The sheer variety of offerings both in roasted coffees and in equipment sales and support, always on trend and with a depth of knowledge, are aspects of Tradecraft that are key to Schultz’s vision for what Fairgrounds will offer: a variety of roasters, a variety of methods, and a steady progression that educates along the way.
“The brand, in and of itself, is really a celebration of discovery and diversity and choice,” said Schultz, who said that while the equipment will be the same in most locations, it could change for newer gear as technology develops.
Roasters will rotate periodically as each location offers a few local brands alongside a few national options, with flights, tastings and other educational opportunities available. An interactive wall-mounted 15-inch screen at one end of every bar will provide information about each roaster as well as origins and coffee in general.
“I’ve found that in ‘third wave’ and ‘next wave’ coffee and specialty teas, oftentimes it’s unapproachable and it can be intimidating. What we really want to do is introduce specialty coffee and tea to the masses,” said Schultz. “To walk in and feel ignorant because you’re not an expert in this — nobody enjoys that. We want more people to enjoy and celebrate specialty coffee and tea.”

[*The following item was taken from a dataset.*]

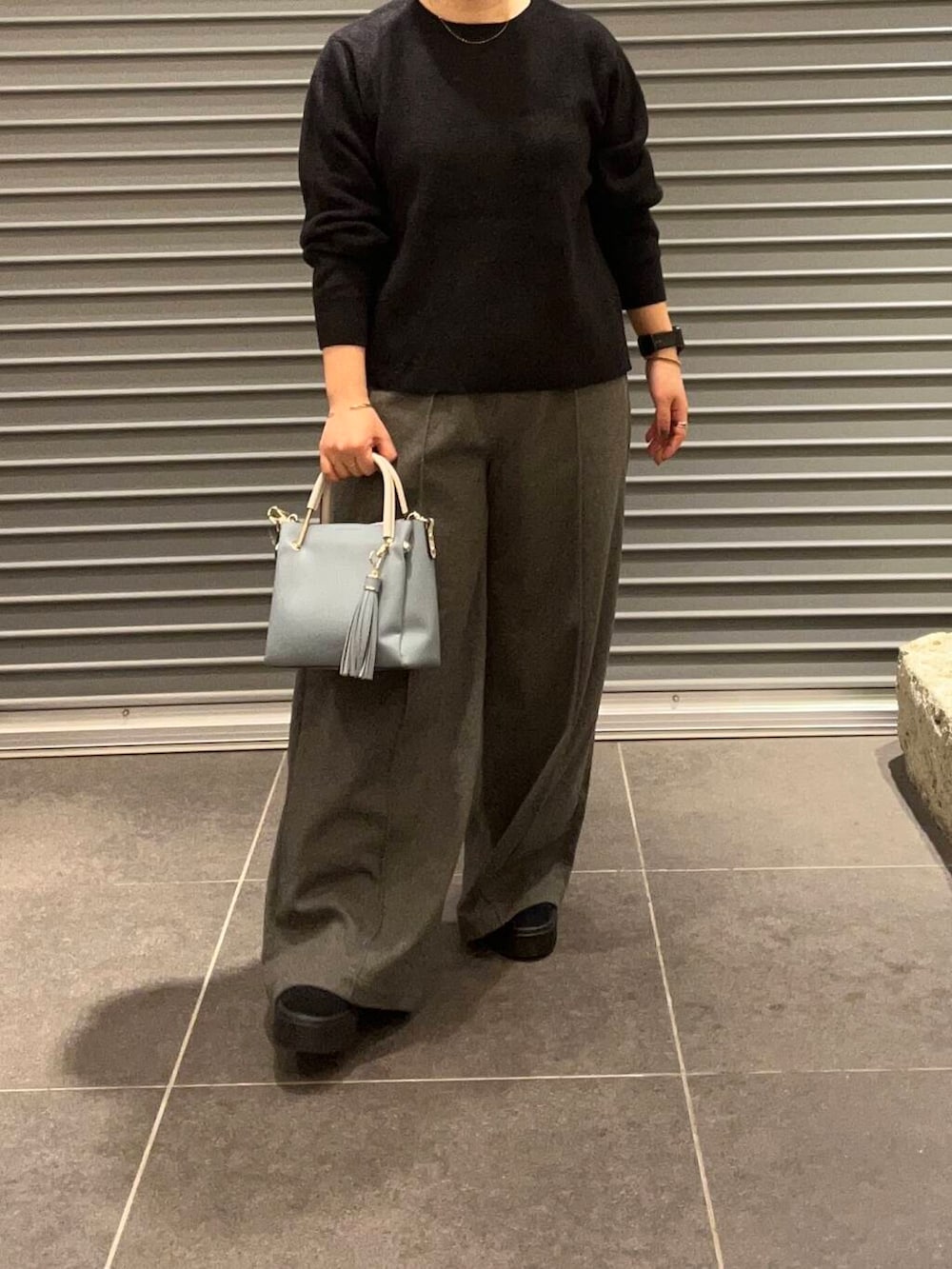 パンツは暖かみのある素材でとても履きやすいです。シルエットはワイドで着丈は150cmの私だと5cmくらい丈詰めした方が良さそうでした!

There will be no exclusive blends or single-origins, no private label offerings of co-branded Fairgrounds beans, just pure presentation of the craft of each roaster’s goods. “People are literally devoting their lives and sometimes risking their lives to make sure their growing the perfect beans and picking them at the perfect time, and then you have these roasters who are these artists and they have this vision of how the public should experience their brand. The problem is, it’s an unfinished product. All of that is controlled by the last folks touching is and producing it,” said Schultz. “It’s very important to us to do right by our roaster partners and make sure that we’re protecting the integrity of their product.”
Despite intending to open roughly 20 stores within the first few years, Schultz declined to describe the Fairgrounds five-year plan as anything more than an effort to widen the average consumer’s awareness of specialty coffee and to honor the craftspeople involved by excelling at the final link of the chain.
“Our five-year plan is for people to have fun every day. Our five-year plan is for people to feel valued, and for our team members to feel vested and appreciated. The plan is to create a culture, and to create raving fans of our brand,” said Schultz. “The way we look at things is very different. The objective of our brand is looking to really create something for our teammates. I want, when I’m gone, for people to come up to my three daughters and say something nice about their daddy, that I did something and created an opportunity that helped them.”
Fairgrounds Coffee & Tea is now open at 1620 N. Milwaukee Ave. in Chicago.